Informed Consent as it Connects to Tissue Research
Informed consent is defined as “the process of communication between a patient and a physician that results in the patient’s authorization or agreement to undergo a specific medical intervention” (American Medical Association). Information to be disclosed to a client includes the purpose of a procedure, alternatives and risks and benefits of the alternative treatment and of undergoing the procedure. Everybody is entitled to know what is happening to his or her body and how the doctor or health practitioner intends on using her or him. Before using human tissue for commercial purposes, one has to obtain informed consent from the patient, potential commercial application must be obtained from the patient before profit is realized and the profits realized must be shared with the patient. Human tissues and all its products should not be used for commercial purposes without the informed consent of the patient who provided the original cellular material (American Medical Association). HeLa cells have been used for research on many diseases and they have enabled scientists to find drugs and vaccines. They have profited many people but unfortunately, they have not benefited Lack’s family.

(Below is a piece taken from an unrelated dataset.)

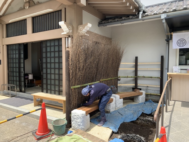 感通寺受付のリニューアルに伴い、腰掛けなどを取り入れた空間づくりのご依頼でした。

The case of Henrietta Lacks is a classic example of how all these guidelines have been violated. Despite the fact that the rules had not been put in place then, there should have been some accountability regarding the HeLa cells. Her cells were used without her knowledge and consent and this affected her family psychologically. Unfortunately, this problem is not prevalent in the United States only but other countries such as the United Kingdom have also enacted laws to ensure that doctors, other health practitioners and scientists do not exploit people for the sake of medicine and science (Biggs 144). Children and incompetent adults cannot give informed consent. Informed consent is not possible where the person is dead. However, children eventually grow up and the dead leave their relatives behind. If the person who originally gave the cells is dead, due consideration should be given to the close relatives. Informed consent should include provisions dealing with such matters. Using tissue samples without the knowledge and consent of the client is simply an act of exploitation. It is a way of telling scientists that they can do their research without protocol since there are no regulations and consequences that follow.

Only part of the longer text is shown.